**PROBLEM REQUIREMENTS**.
Below are the records to retype. Keep every character exactly and leave out the pictures.

• • • • • • •

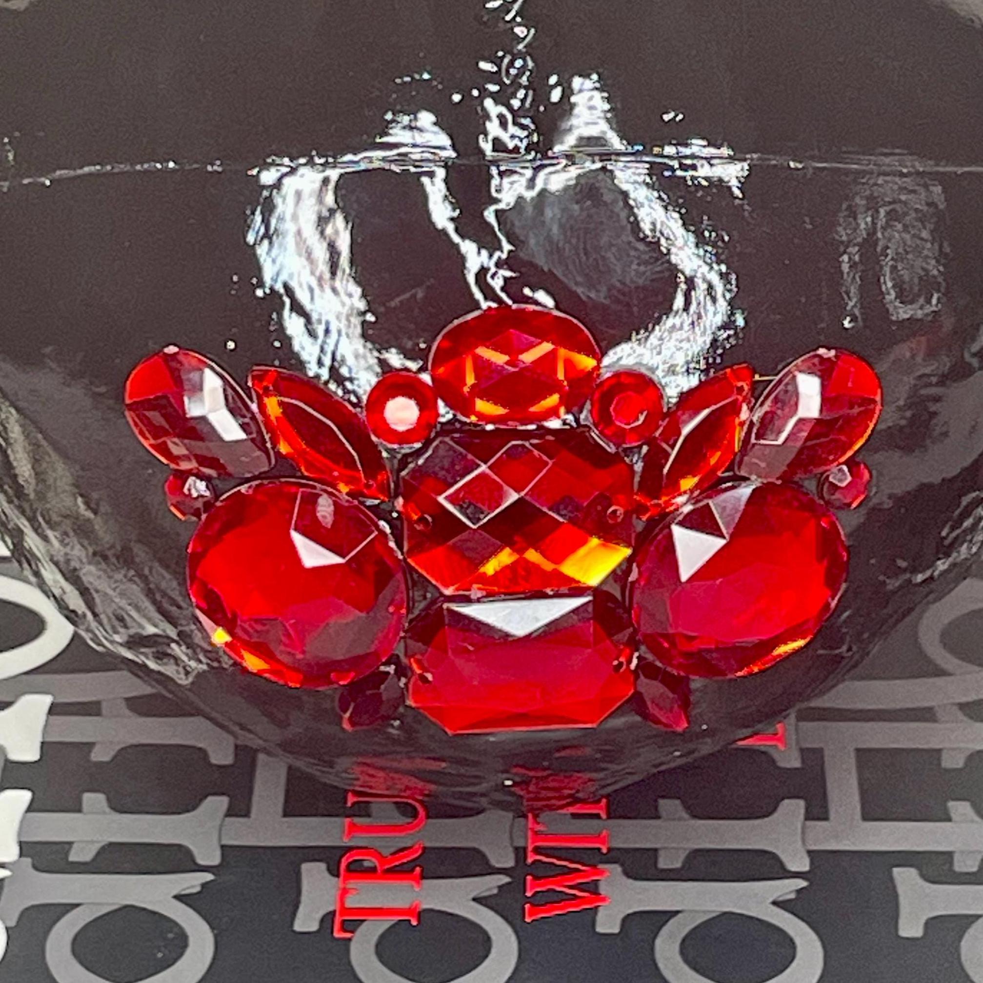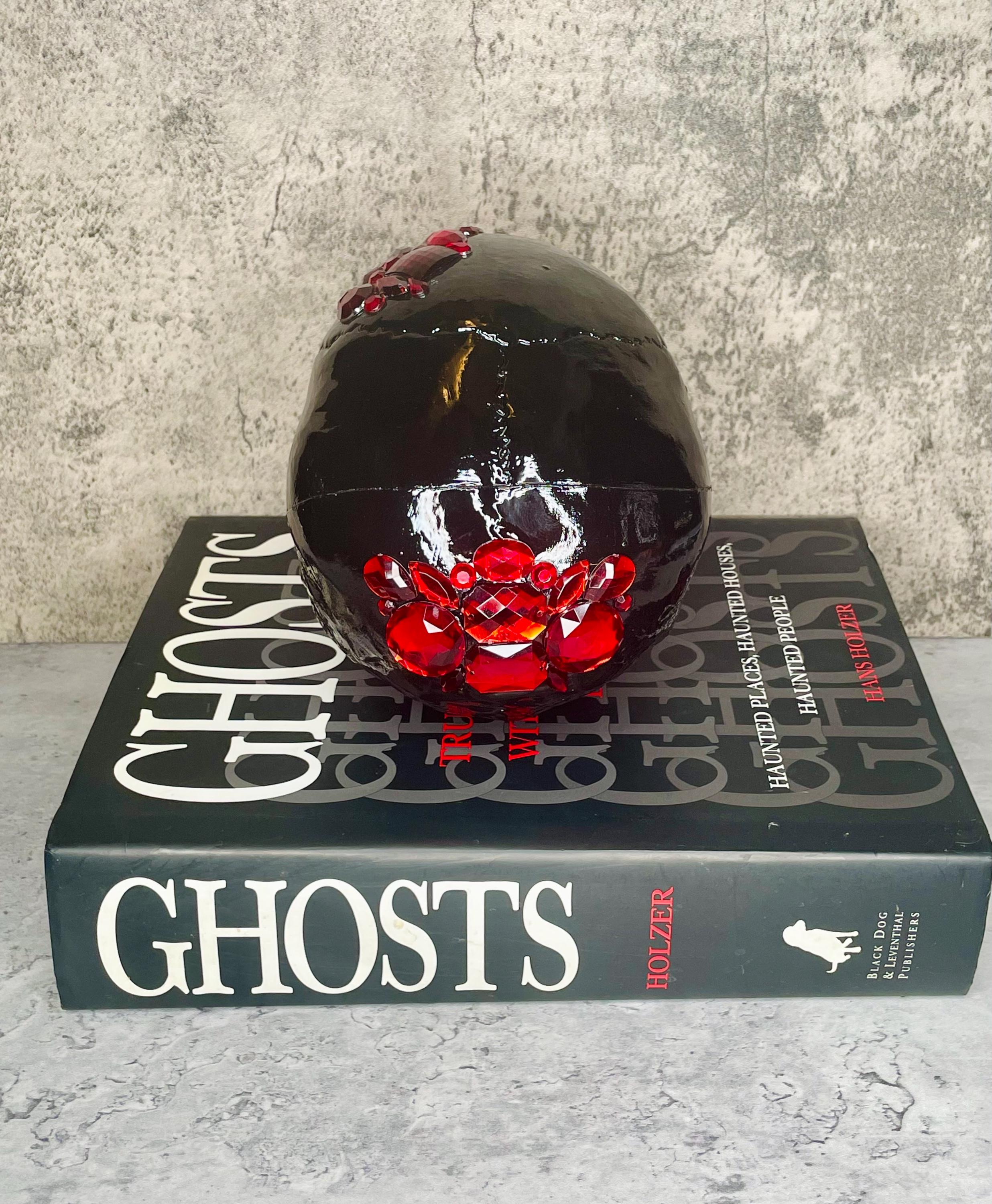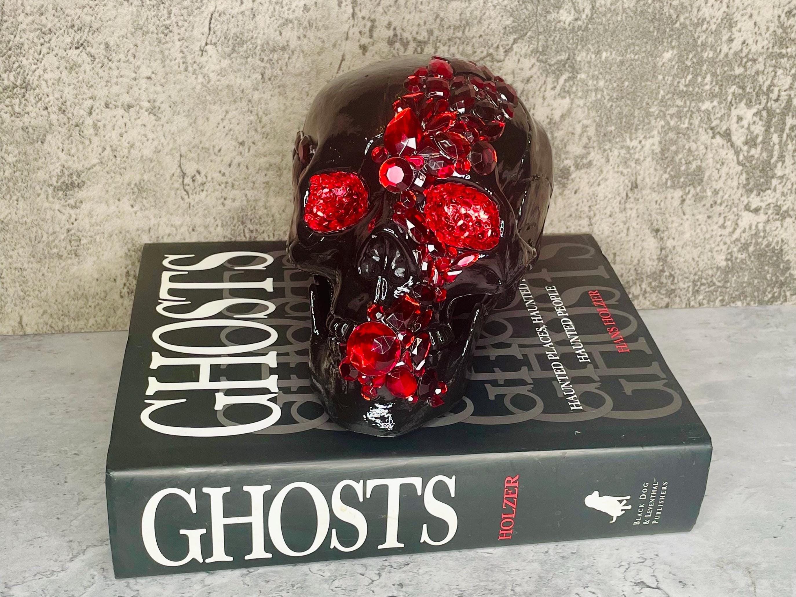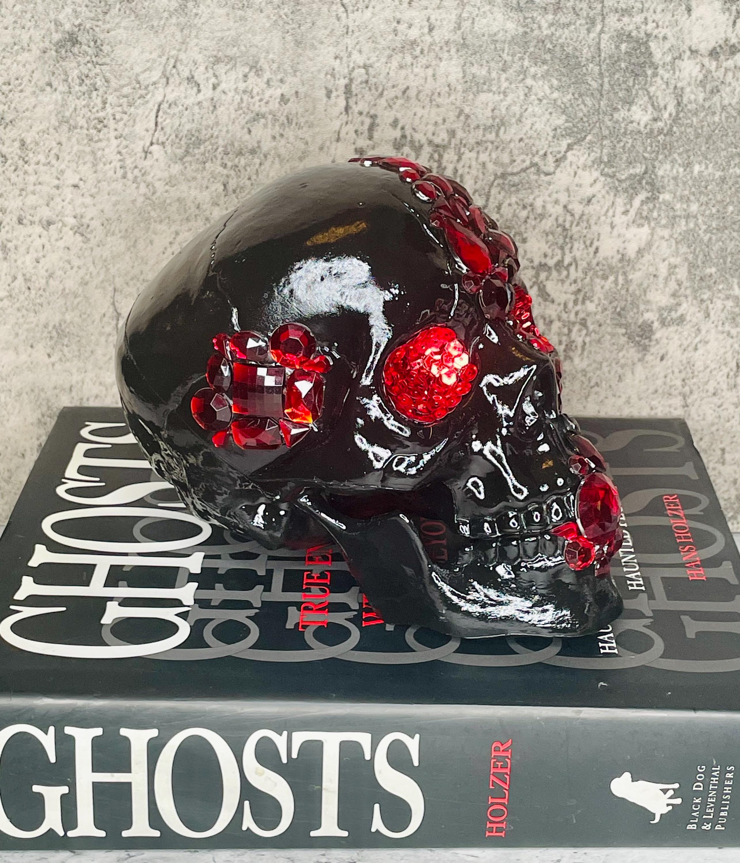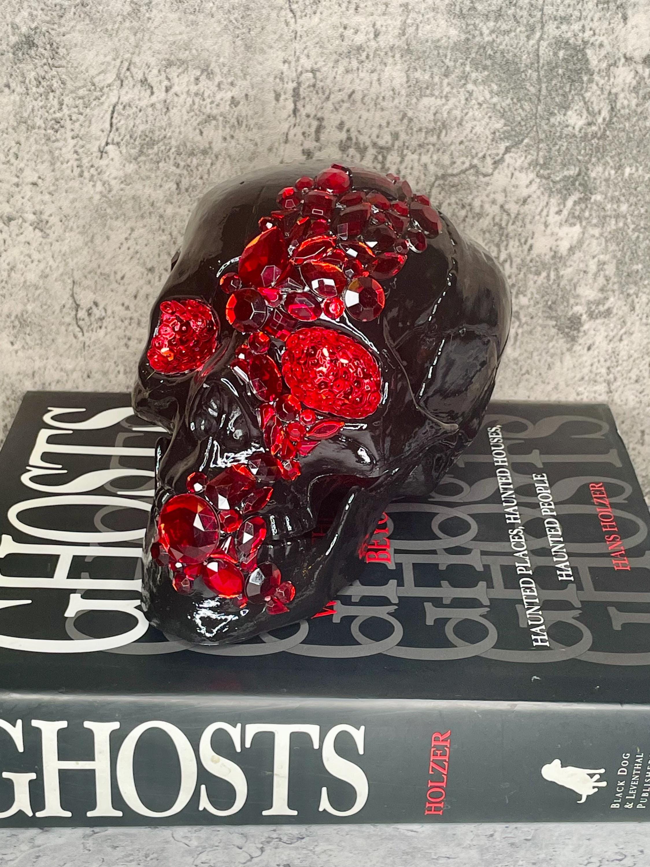 Black skull is adorned with assorted red acrylic gems and sequins. Whether serving as a centerpiece or part of your mantel, this decoration transforms any room from ordinary to beautifully macabre.
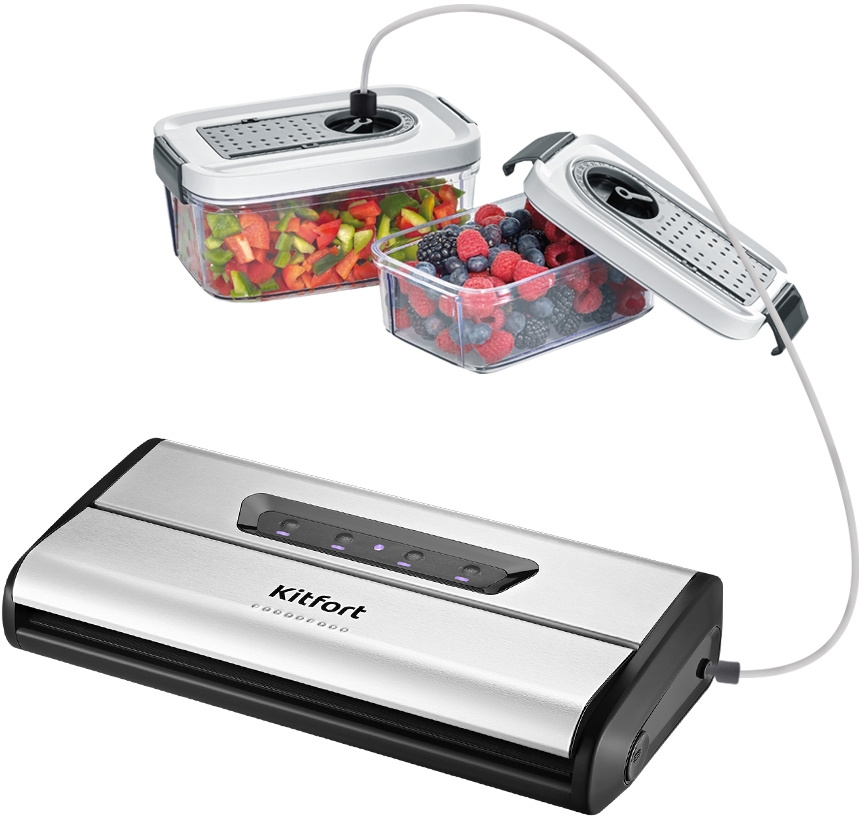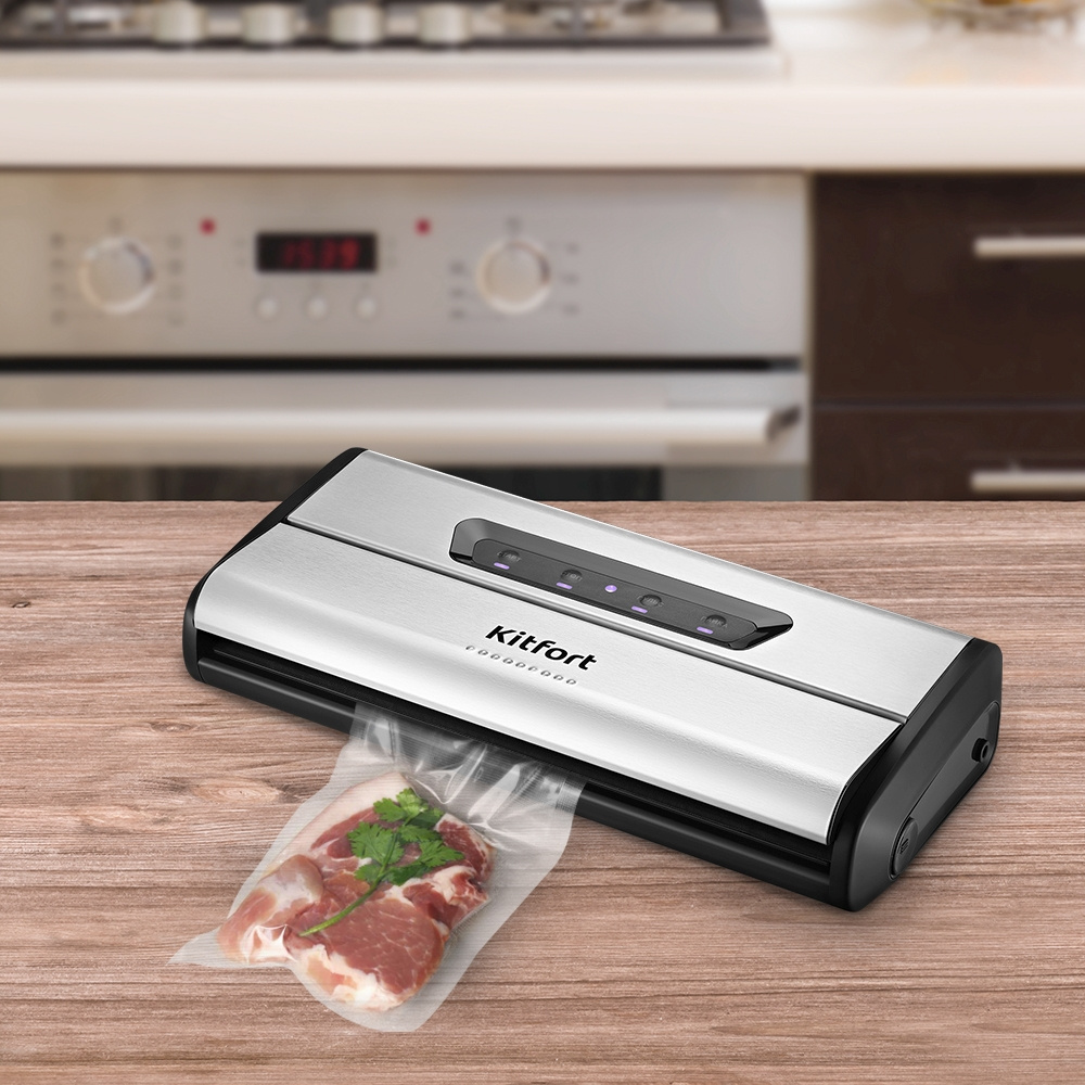 Вакууматор Kitfort КТ-1515 обеспечит долгие сроки хранения ваших любимых продуктов. Продукты, упакованные под вакуумом, сохраняют дольше аппетитный вид, вкус и полезные свойства, а портятся существенно дольше по сравнению с обычными условиями хранения.
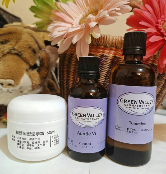 这批想自己配的朋友挺多,下图是顽固性湿疹霜全套精油:
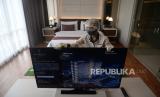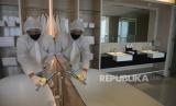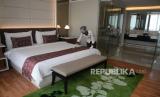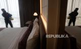 Karyawan membersihkan ruang kamar The Margo Hotel, Depok, Jawa Barat, Jumat (5/6). Sejumlah hotel mulai mempersipakan Standar Operesional Prosedur (SOP) saat kehidupan normal baru (New Normal) mulai diterapkan, salah satunya The Margo Hotel yang sudah melakukan protokol kesehatan ketat diantaranya penggunaan alat pelindung wajah, kacamata, masker, sarung tangan dam penyemprotan cairan disinfektan dalam upaya mencegah Covid-19 (FOTO : Prayogi/Republika)
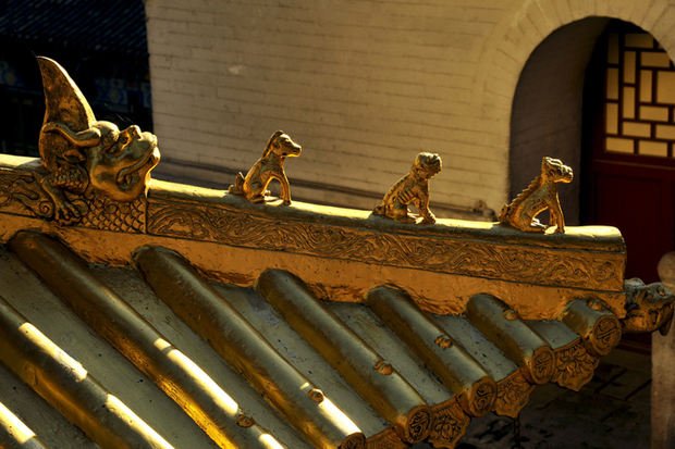 走兽也叫蹲兽或跑兽,常驻扎在屋檐垂脊之上。垂脊上的走兽越多,就代表着房屋主人的地位和权势越高。
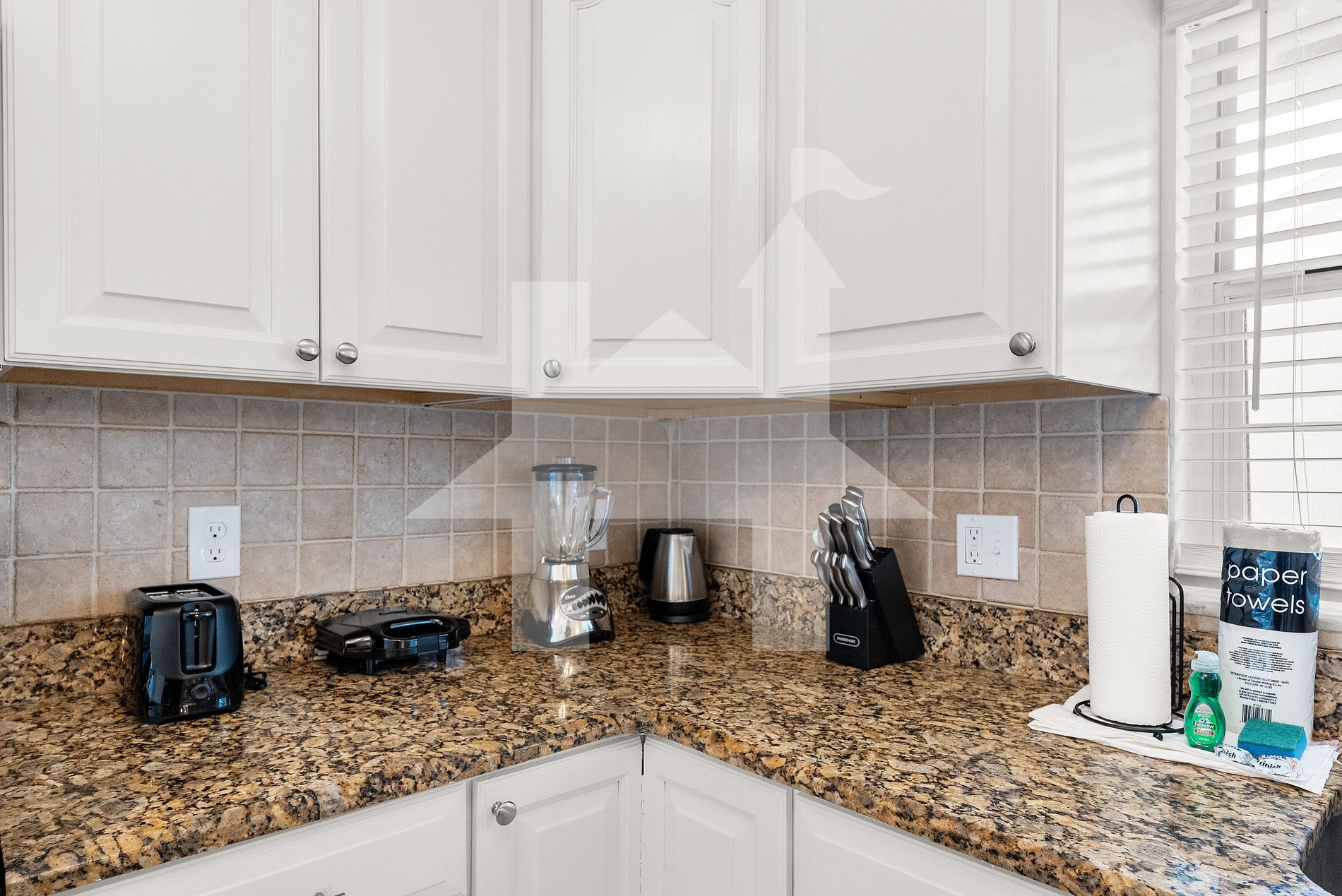 Prepare meals with ease in the fully equipped kitchen, featuring a fridge, microwave, stove, dishwasher, coffee maker, blender, toaster, waffle maker, and even a rice cooker. Kid-friendly plates and bowls included.
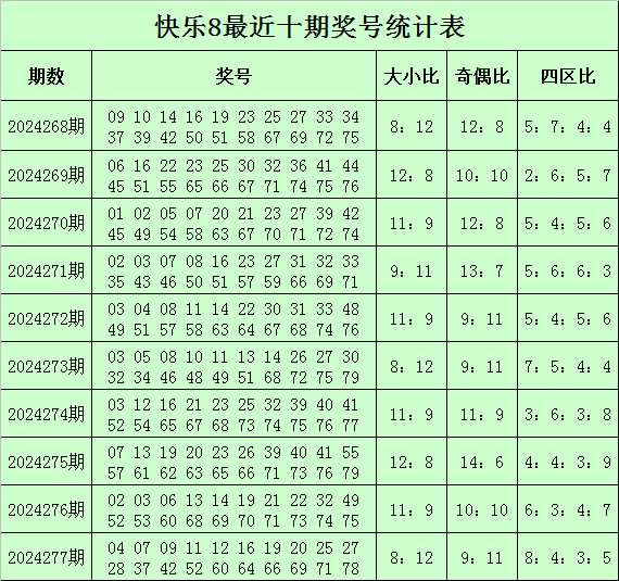 福彩快乐8第2024277期开奖回顾:04 07 09 11 12 16 19 20 25 27 28 37 42 52 60 64 66 69 71 78,其中奖号四区比为8:4:3:5,奇偶比为9:11,大小比为8:12。

• • • • • • •

**COMPLETED TASK**.
 Black skull is adorned with assorted red acrylic gems and sequins. Whether serving as a centerpiece or part of your mantel, this decoration transforms any room from ordinary to beautifully macabre.
 Вакууматор Kitfort КТ-1515 обеспечит долгие сроки хранения ваших любимых продуктов. Продукты, упакованные под вакуумом, сохраняют дольше аппетитный вид, вкус и полезные свойства, а портятся существенно дольше по сравнению с обычными условиями хранения.
 这批想自己配的朋友挺多,下图是顽固性湿疹霜全套精油:
 Karyawan membersihkan ruang kamar The Margo Hotel, Depok, Jawa Barat, Jumat (5/6). Sejumlah hotel mulai mempersipakan Standar Operesional Prosedur (SOP) saat kehidupan normal baru (New Normal) mulai diterapkan, salah satunya The Margo Hotel yang sudah melakukan protokol kesehatan ketat diantaranya penggunaan alat pelindung wajah, kacamata, masker, sarung tangan dam penyemprotan cairan disinfektan dalam upaya mencegah Covid-19 (FOTO : Prayogi/Republika)
 走兽也叫蹲兽或跑兽,常驻扎在屋檐垂脊之上。垂脊上的走兽越多,就代表着房屋主人的地位和权势越高。
 Prepare meals with ease in the fully equipped kitchen, featuring a fridge, microwave, stove, dishwasher, coffee maker, blender, toaster, waffle maker, and even a rice cooker. Kid-friendly plates and bowls included.
 福彩快乐8第2024277期开奖回顾:04 07 09 11 12 16 19 20 25 27 28 37 42 52 60 64 66 69 71 78,其中奖号四区比为8:4:3:5,奇偶比为9:11,大小比为8:12。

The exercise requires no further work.